There are predicted ubiquitination sites at lysine residues at positions 128 and 139.

There are predicted kinase-specific phosphorylation sites at serines at the following position in the c14orf119 protein sequence, 15, 19, 27, 32, 36, 81, 83, 90, and 121. Protein phosphorylation at serine residues can play critical roles in the regulation of protein function and the transmission of signals throughout the cell.

There are two N-glycosylation sites at positions 25-27 and 48–50. This type of post-translational modification plays important roles in both the structure and function of some eukaryotic proteins.

Additionally, there are predicted glycation of epsilon amino groups of lysines at the following positions, 40, 64, 69, and 139. Glycation is a process in which proteins react with reducing sugar molecules, which ultimately impairs the function and changes the characteristics of the protein.

There are also predicted mammalian mucin type GalNAc-O-glycosylation sites at the following positions, 5, 6, 7, 12, 15, 19, and 24. GalNAc-type-O-glycosylation is the attachment of a sugar molecule to the oxygen atom of serine or threonine residues in a protein. O-glycans or the sugars added to the serine or threonine, have various functions, including allowing recognition of foreign material, providing cartilage and tendon flexibility, controlling cell metabolism, and trafficking cells in the immune system.

There is a predicted SUMOylation sites at the lysine at position 139. SUMOylation is involved in transcriptional regulation, protein stability, apoptosis, nuclear-cytosolic transport, progression through the cell cycle, and response to stress.

Finally, there are predicted O-GlcNAc sites at the serines at the following position in the c14orf119 protein, 5, 6, 7, 8, and 83. This post-translational modification can play various critical roles such as, progression through the cell cycle, response to cellular stress, protein turnover, and protein stability.

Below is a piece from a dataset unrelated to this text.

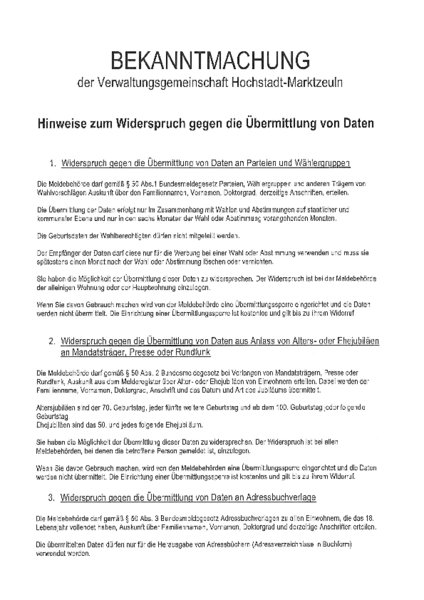 1. Widerspruch gegen die Übermittlung von Daten an Parteien und Wählergruppen
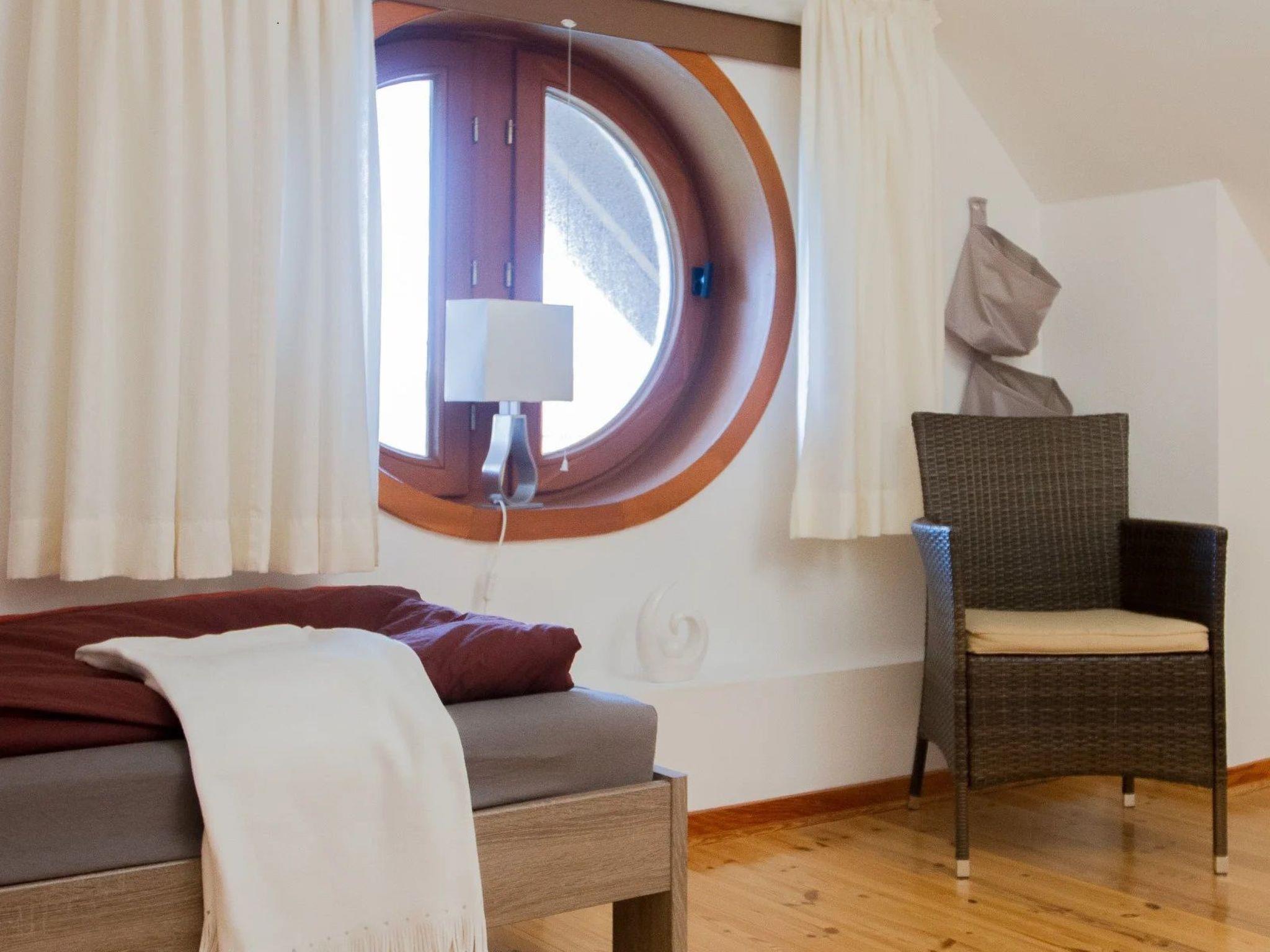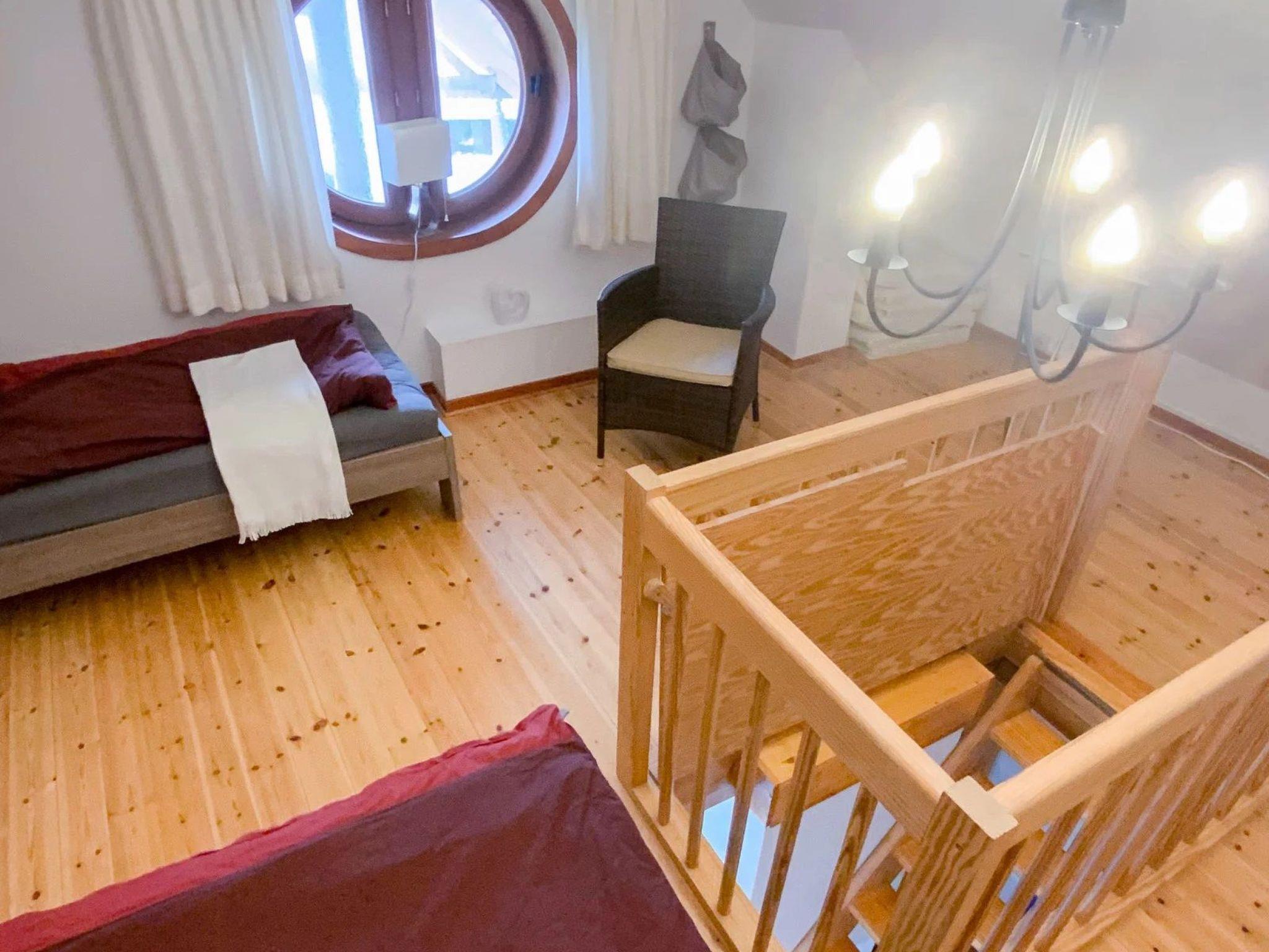 Die Ferienwohnung »Moin Moin« ist ein zweistöckiges Apartment im Ober- und Dachgeschoss eines attraktiven Designer-Hauses, das mit maritimen Stilelementen spielt. Die gerundeten Fenster, die sich weit über die Hausecken erstrecken, ermöglichen einen herrlichen Panoramablick.

== Regulation of expression ==

===Epigenetic===
There are varying levels of H3K27ac, H3K4me1, and H3K4me3 throughout the c14orf119 gene. H3K4me1 has variation in signal strength among different cell lines, which may reflect differences of epigenetic landscapes in these cell lines. Additionally, there is a strong signal of H3K27ac across the majority of cell lines along the predicted promoter region. Finally, there is also a strong signal of H3K4me3 across the majority of the cell types along the predicted promoter region, with no signal variation across cell types.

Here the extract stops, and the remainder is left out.